Leica M9 on the test bench at Popular Photography
My September 15, 2009 posting about the Leica M9 attracted a lot of angry comments from rabid Leica enthusiasts. I pointed out the oddness of people being excited by a Leica that comes 7 years later than the comparable Canon and costs nearly three times as much. My assumption in the posting was that Leica had produced something roughly equivalent in image quality to Canon’s mainstream advanced amateur body, the 5D Mark II. The December 2009 issue of Popular Photography arrived in the mail recently and it seems that I was wrong in my assumption. Here’s the update that I added to the September posting…
This issue put the Sony A850 and the Leica M9 through their standardized test protocol. The Sony is the world’s cheapest full-frame digital SLR, selling for $2,000 (compared to about $2,650 for the Canon 5D Mark II). The Leica is the world’s most expensive, at $7,000. How did the cameras compare on Pop. Photo’s test bench? The Sony, with a 24 MP Sony-built CMOS sensor, achieved “low” noise through ISO 1600. This is greatly inferior to the 5D Mark II, which had a very similar noise measurement at ISO 6400 (two f-stops more sensitive). The Sony delivered 3135 lines of resolution and a superb “7.7″ on color accuracy, albeit still inferior to Canon’s.
How did the Leica perform, at 3.5X the price of the Sony? Noise from the 18MP CCD sensor became “moderate” at ISO 1600 and “unacceptable” at ISO 2500. The noise of the M9 at ISO 800 was comparable to the Canon 5D Mk II at ISO 6400. Leica’s color accuracy and resolution were significantly inferior to the Sony.
How did Popular Photography deal with the embarrassingly poor image quality results of the $7000 Leica compared to the Japanese cameras? “They’re completely differently tools for completely different styles of photographer. We don’t categorize the M9 as a pro model–think of it as the ultimate (deep-pocketed) enthusiast’s camera.”
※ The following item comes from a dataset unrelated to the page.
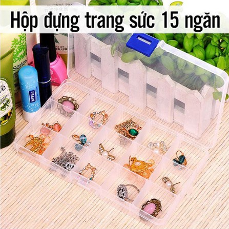 - Hộp 15 ngăn:Kích thước: 17 x 10 cm, dày 2,2 cm có nút đóng mở. Kích thước mỗi ô nhỏ: 3,3cm x 3,5cm

Leica was beaten not just by Canon, its competitor from the 1950s rangefinder days, but by Sony, a company that is relatively new to the still photography market. Now that we taxpayers have purchased GM and Chrysler at a cost of $100 billion, let’s hope that this doesn’t happen in the car market. Just when GM and Chrysler think that they might have something that can sell in competition with a U.S.-made Honda or Toyota, new manufacturers from India and China may blindside them.
[Update: I found a Canon white paper on sensors that says that CCD sensors, especially big ones, consume a lot more power than CMOS. Unless the sensor is cooled, like a CCD used in a physics experiment, the result will be more noise in the image. This may explain the poor high ISO performance of the Leica.]